Ovviamente è presto per fare ipotesi di questo tipo, e va ricordato che entrambi i titoli di Federer di quest'anno si sono verificati in coincidenza di prestazioni negative sia di Andy Murray che di Novak Djokovic, ovvero numero uno e due mondiali, le cui sconfitte negli appuntamenti importanti hanno contribuito al restringersi dei divari in classifica. Federer dall'inizio dell'anno è salito dal 17 al numero sei, e giocherà anche il Masters 1000 di Miami che inizia questa settimana, torneo a cui Murray e Djokovic hanno dato forfait, entrambi per problemi al gomito destro. Nella cosiddetta race, ovvero il parziale dei soli punti fatti nel 2017, Federer è primo con 3045, quasi il doppio di Nadal secondo, con Murray decimo e Djokovic diciottesimo.
Serenità interiore
Molto si è detto sulla capacità di Federer di rigenerare il proprio corpo e il proprio gioco in questi ultimi anni, l'entusiasmo crescente per un Federer 2.0 o 3.0 che sfoderava nuovi colpi e nuove tattiche mese dopo mese: è tutto iniziato con i problemi alla schiena nel 2013 seguiti dai primi (fallimentari) tentativi con una racchetta più grande, poi c'è stato il 2014 e la collaborazione con Stefan Edberg e il lavoro su un gioco più offensivo, l'incremento del serve & volley e il passaggio definitivo a un telaio da 98 pollici invece dei 90 usati per tutta la vita, e praticamente soltanto da lui in quest'epoca; il 2015 ha portato lo Sneak Attack by Roger, ovvero la risposta al servizio in avanzamento, colpendo di controbalzo e andando direttamente a rete, praticamente un return & volley; nel 2016 l'arrivo di Ivan Ljubicic come allenatore e poi la prima chirurgia della sua carriera, al ginocchio sinistro, seguita da altri sei mesi di stop prima di questo inizio di stagione eccezionale, dove tutto gira alla perfezione: la mobilità eccellente, il rovescio molto più solido e offensivo, la risposta al servizio profonda, la ricerca costante dello scambio breve a chiudere il punto appena possibile.
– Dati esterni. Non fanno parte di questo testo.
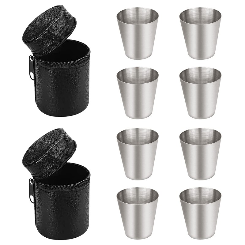 - You will receive a total of 8 stackable metal cups and 2 practical black leather cases. Each mug has a capacity of 70 ml. Larger volume suitable for children and adults.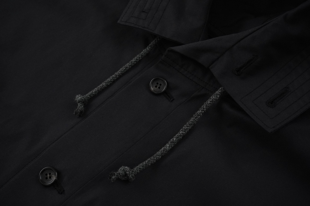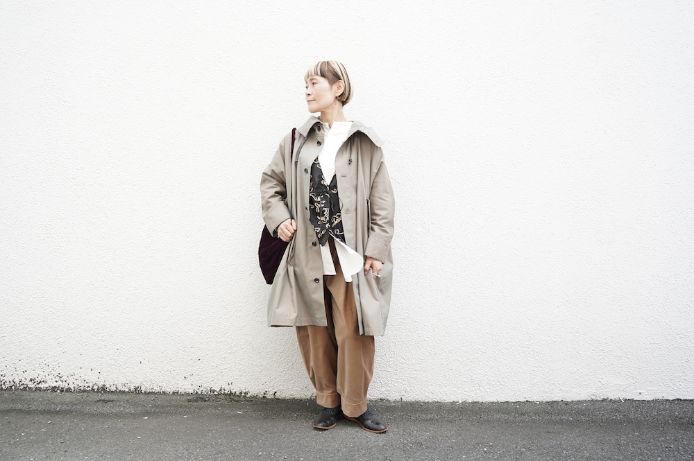 "ネイティブビレッジ"のコート。コットン100%の高密度なコットンツイル生地を使用。密度が高く風を通さないタイプのコートです。保温性よりも、春も含めて長い期間で着用できるコートとしておすすめです。中にニットを着たり、またその厚みを変えたり、コットンにしたりしながら、長い期間着用できるタイプのコートです。上品な光沢感があり、ツイル生地なのでしなやかさのある素材です。

Ovviamente non si tratta di reali trasformazioni, ma di un continuo adeguamento del modo di stare in campo in base al momento, alla ricerca di un ottimizzazione delle risorse, ad aggiustamenti tattici che rivelano l'intelligenza del giocatore sia in partita che nello scegliersi le persone da avere accanto. Le vittorie di quest'anno rivelano anche una maggiore serenità nel gioco, una libertà nell'esecuzione dei colpi che forse deriva dalla volontà di apprezzare questa fase della propria carriera una partita, un torneo alla volta, dato che il tempo rimasto a disposizione nel circuito professionistico potrebbe limitarsi soltanto a una o due stagioni in più.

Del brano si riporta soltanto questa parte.